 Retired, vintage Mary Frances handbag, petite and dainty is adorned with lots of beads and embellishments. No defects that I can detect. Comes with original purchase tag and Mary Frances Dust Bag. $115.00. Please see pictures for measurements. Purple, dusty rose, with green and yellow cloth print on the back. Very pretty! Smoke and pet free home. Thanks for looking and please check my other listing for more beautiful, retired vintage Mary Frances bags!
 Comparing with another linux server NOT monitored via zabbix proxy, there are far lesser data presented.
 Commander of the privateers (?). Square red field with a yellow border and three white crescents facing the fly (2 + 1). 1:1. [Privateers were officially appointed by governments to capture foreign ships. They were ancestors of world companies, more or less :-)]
* * * *
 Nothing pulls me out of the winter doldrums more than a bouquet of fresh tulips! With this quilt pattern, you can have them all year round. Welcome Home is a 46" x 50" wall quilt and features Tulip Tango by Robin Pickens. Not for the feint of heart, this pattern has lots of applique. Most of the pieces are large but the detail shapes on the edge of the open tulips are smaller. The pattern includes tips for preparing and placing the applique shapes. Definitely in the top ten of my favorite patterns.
* * * *
**Task requirements**.
As listed above, the lines from the line with "Retired, vintage Mary" to the line with "Comparing with another" are to be echoed exactly, with both ends included and nothing added.

**Expected answer**.
 Retired, vintage Mary Frances handbag, petite and dainty is adorned with lots of beads and embellishments. No defects that I can detect. Comes with original purchase tag and Mary Frances Dust Bag. $115.00. Please see pictures for measurements. Purple, dusty rose, with green and yellow cloth print on the back. Very pretty! Smoke and pet free home. Thanks for looking and please check my other listing for more beautiful, retired vintage Mary Frances bags!
 Comparing with another linux server NOT monitored via zabbix proxy, there are far lesser data presented.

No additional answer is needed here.